Instructions for the task =>
Set the material down again exactly, line by line, skipping each picture.

Dataset section =>
Content starts

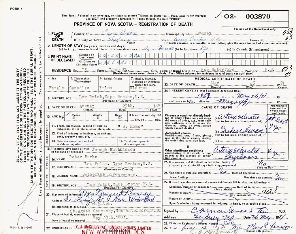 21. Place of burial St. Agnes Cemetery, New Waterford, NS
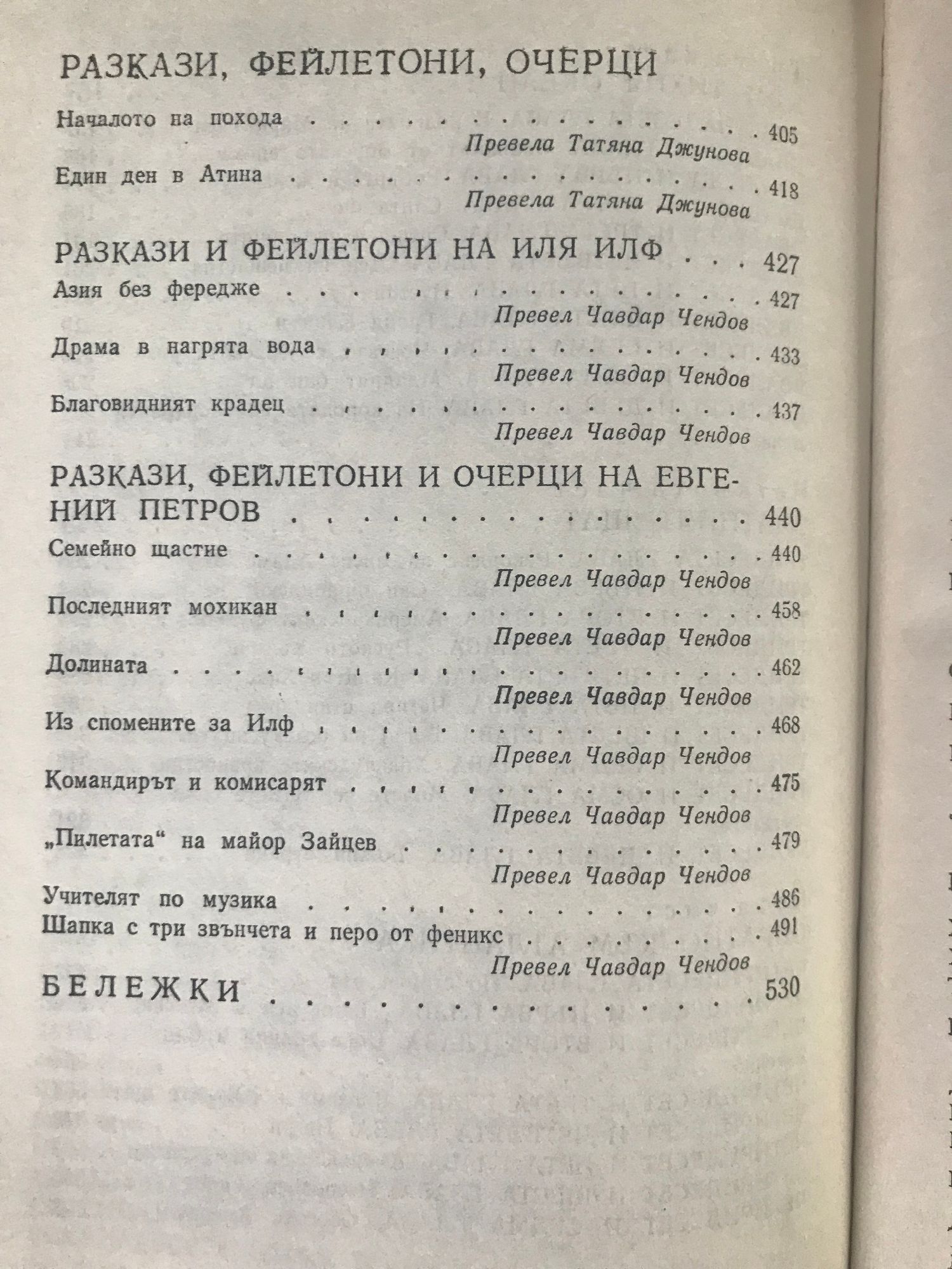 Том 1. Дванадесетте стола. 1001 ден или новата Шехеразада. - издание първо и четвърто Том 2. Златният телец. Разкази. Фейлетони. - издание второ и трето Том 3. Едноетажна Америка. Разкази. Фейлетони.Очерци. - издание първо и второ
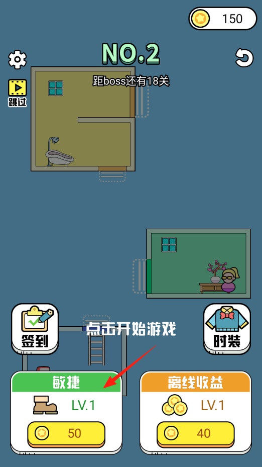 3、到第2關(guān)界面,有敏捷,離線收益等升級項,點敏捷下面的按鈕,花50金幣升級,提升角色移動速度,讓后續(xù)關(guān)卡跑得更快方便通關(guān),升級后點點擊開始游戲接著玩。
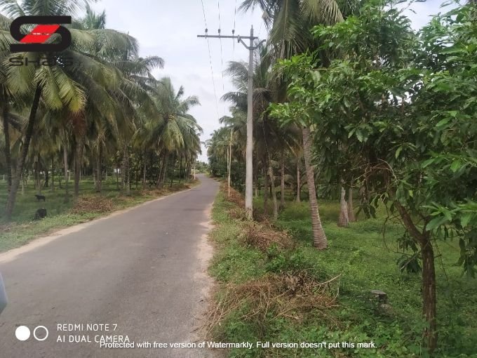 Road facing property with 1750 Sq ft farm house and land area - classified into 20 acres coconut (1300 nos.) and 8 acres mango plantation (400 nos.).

Content ends

Response =>
 21. Place of burial St. Agnes Cemetery, New Waterford, NS
 Том 1. Дванадесетте стола. 1001 ден или новата Шехеразада. - издание първо и четвърто Том 2. Златният телец. Разкази. Фейлетони. - издание второ и трето Том 3. Едноетажна Америка. Разкази. Фейлетони.Очерци. - издание първо и второ
 3、到第2關(guān)界面,有敏捷,離線收益等升級項,點敏捷下面的按鈕,花50金幣升級,提升角色移動速度,讓后續(xù)關(guān)卡跑得更快方便通關(guān),升級后點點擊開始游戲接著玩。
 Road facing property with 1750 Sq ft farm house and land area - classified into 20 acres coconut (1300 nos.) and 8 acres mango plantation (400 nos.).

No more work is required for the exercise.